**WORK ORDER**
An exact copy of all the lines below is required, with every image left out.
Content starts
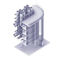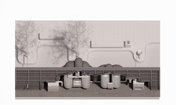 Among the various hybrid models, objects suitable for residential and public programs were selected. The multi-family housing is composed as if made of modular units, resonating with the logic of windfall. Meanwhile, the park is envisioned not as a standardized or efficiency-driven space, but as a place where people can linger and relax—integrated with CO₂ processing casings. These hybrids embody both functional and sculptural qualities, visualizing how CO₂-capturing technology can naturally permeate the urban context. Renderings of the selected hybrids present concrete spatial images, revealing a new hybrid atmosphere within familiar cityscapes.
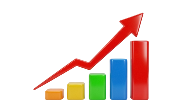 Colorful 3D bar graph with red arrow isolated PNG, business growth chart on transparent background for financial report
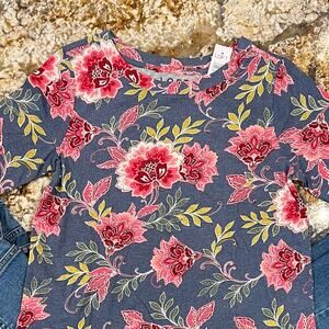 NWT LOFT Blue Floral Elbow Sleeve Cotton Crewneck Tee - SIZE XS
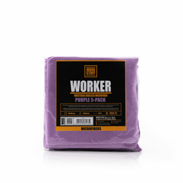 WORK STUFF Worker Purple to zestaw 5 miękkich, uniwersalnych mikrofibr 40×40 cm o gramaturze 320 GSM. Idealne do docierania wosków, powłok, past oraz prac wewnątrz auta. Laserowo cięte krawędzie zapewniają maksymalne bezpieczeństwo dla lakieru i delikatnych powierzchni.
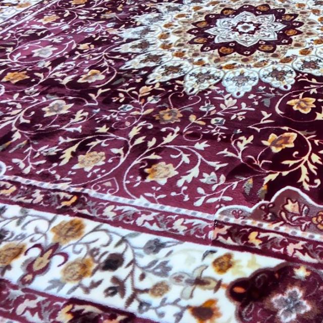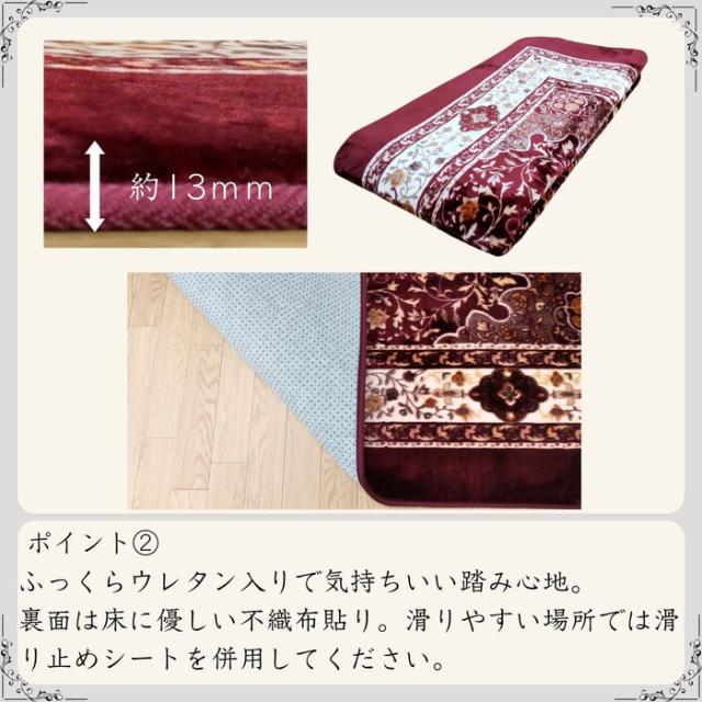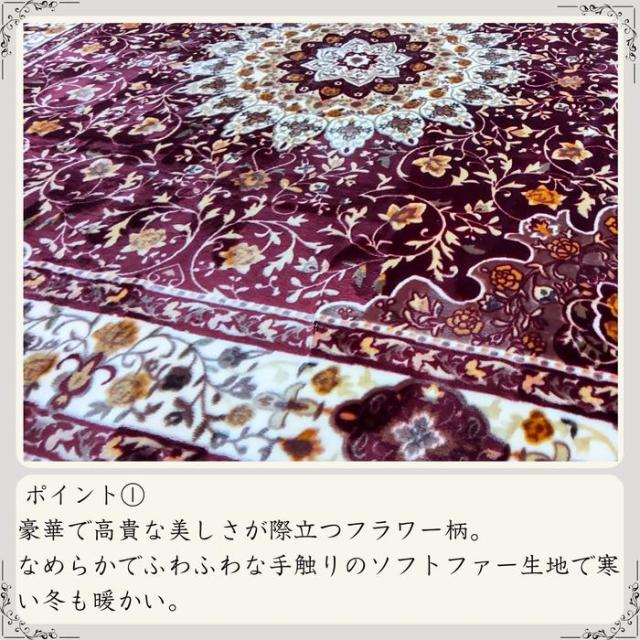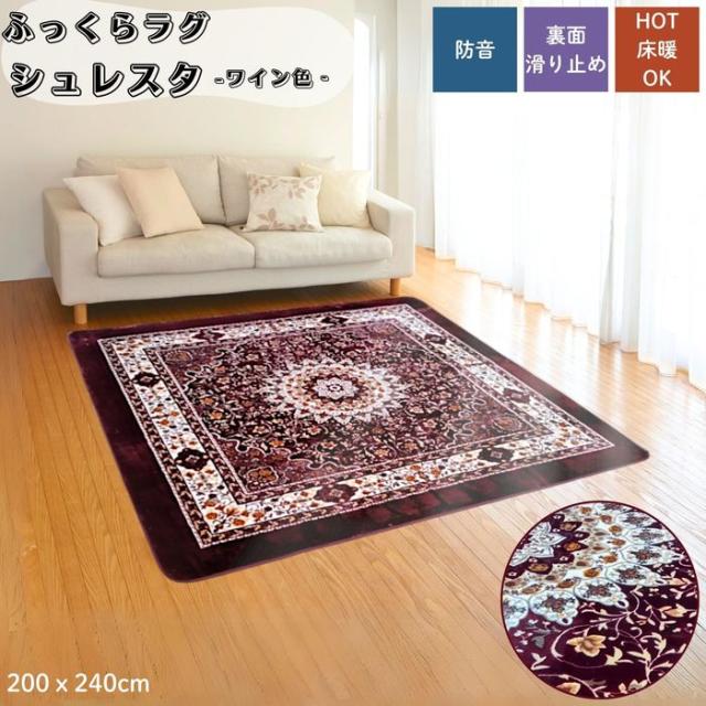 ふっくらラグ シュレスタ 200x240cm 3畳用 ワイン色 あったか高密度マイヤー織 北欧王朝柄 ホットカーペットカバー こたつ敷
Content ends
**ANSWER TO THIS EXERCISE**
 Among the various hybrid models, objects suitable for residential and public programs were selected. The multi-family housing is composed as if made of modular units, resonating with the logic of windfall. Meanwhile, the park is envisioned not as a standardized or efficiency-driven space, but as a place where people can linger and relax—integrated with CO₂ processing casings. These hybrids embody both functional and sculptural qualities, visualizing how CO₂-capturing technology can naturally permeate the urban context. Renderings of the selected hybrids present concrete spatial images, revealing a new hybrid atmosphere within familiar cityscapes.
 Colorful 3D bar graph with red arrow isolated PNG, business growth chart on transparent background for financial report
 NWT LOFT Blue Floral Elbow Sleeve Cotton Crewneck Tee - SIZE XS
 WORK STUFF Worker Purple to zestaw 5 miękkich, uniwersalnych mikrofibr 40×40 cm o gramaturze 320 GSM. Idealne do docierania wosków, powłok, past oraz prac wewnątrz auta. Laserowo cięte krawędzie zapewniają maksymalne bezpieczeństwo dla lakieru i delikatnych powierzchni.
 ふっくらラグ シュレスタ 200x240cm 3畳用 ワイン色 あったか高密度マイヤー織 北欧王朝柄 ホットカーペットカバー こたつ敷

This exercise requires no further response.